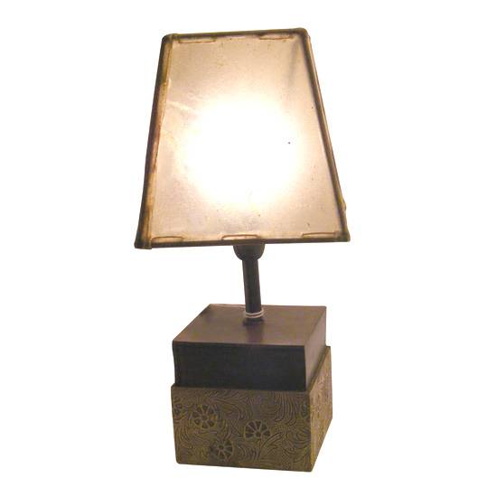 This is a bedside lamp with a touch of oriental style. The lamp has a trapezium shaped shade in white, which allows soft and mild light to emit through it. The wooden and metal base gives it a natural feeling. The lamp gives people a modern and stylish feeling. Featuring with a touch of vintage, makes it more adorable.
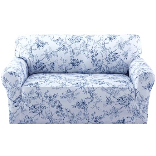 H.VERSAILTEX Floral Pattern Loveseat Cover Printed 2 Cushion Sofa Cover High Stretch Couch Covers for Sofa Super Soft Fabric Couch Protector for Dogs (Garden Bliss-Blue,Loveseat)
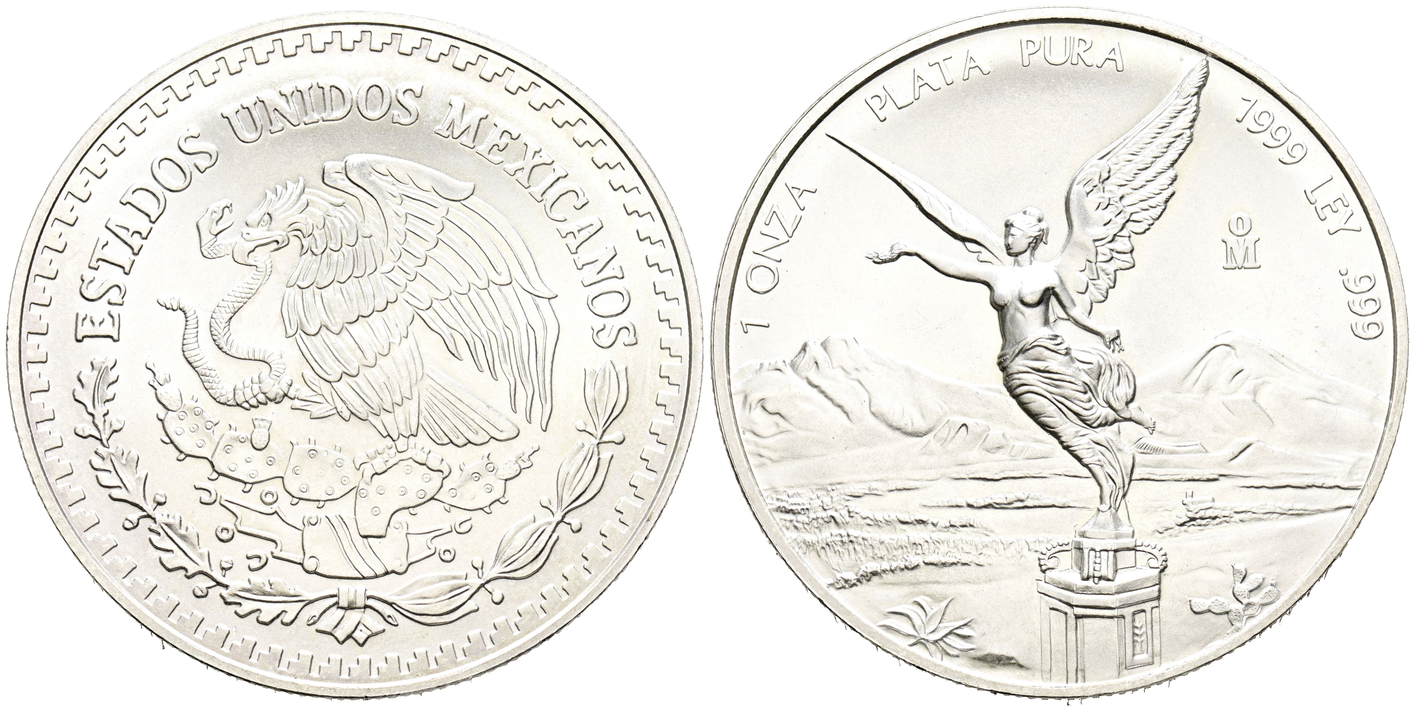 MÉXICO. 1 Onza. (Ar. 31,01g/38mm). 1999. Libertad. (Km#613). SC. Escasa.
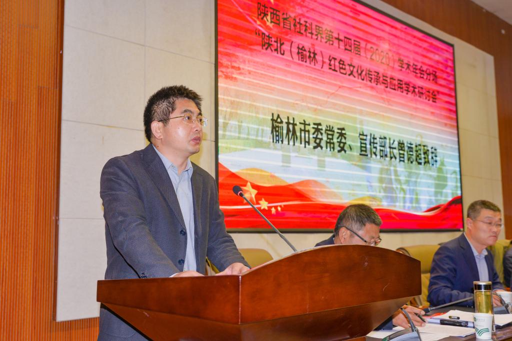 曾德超在致辞中表示,榆林市高度重视红色文化传承与应用工作,积极挖掘党史资源,着力弘扬红色文化,出版制作了多部党史书籍资料和宣传片,并建成了西北地区首个网上3D革命纪念馆。榆林将以此次“红色文化传承与应用学术研讨会”为契机,深入贯彻落实习近平新时代中国特色社会主义思想,利用好红色资源、发扬好红色传统、传承好红色基因,为全市实现经济社会转型升级、高质量发展提供强大的精神力量和文化支撑。
· · · · ·
DESCRIPTION OF THE TASK:
Would you give again exactly the lines from the line containing "MÉXICO. 1 Onza." through the end of the listing, both ends included, without any pictures?

FINAL ANSWER:
 MÉXICO. 1 Onza. (Ar. 31,01g/38mm). 1999. Libertad. (Km#613). SC. Escasa.
 曾德超在致辞中表示,榆林市高度重视红色文化传承与应用工作,积极挖掘党史资源,着力弘扬红色文化,出版制作了多部党史书籍资料和宣传片,并建成了西北地区首个网上3D革命纪念馆。榆林将以此次“红色文化传承与应用学术研讨会”为契机,深入贯彻落实习近平新时代中国特色社会主义思想,利用好红色资源、发扬好红色传统、传承好红色基因,为全市实现经济社会转型升级、高质量发展提供强大的精神力量和文化支撑。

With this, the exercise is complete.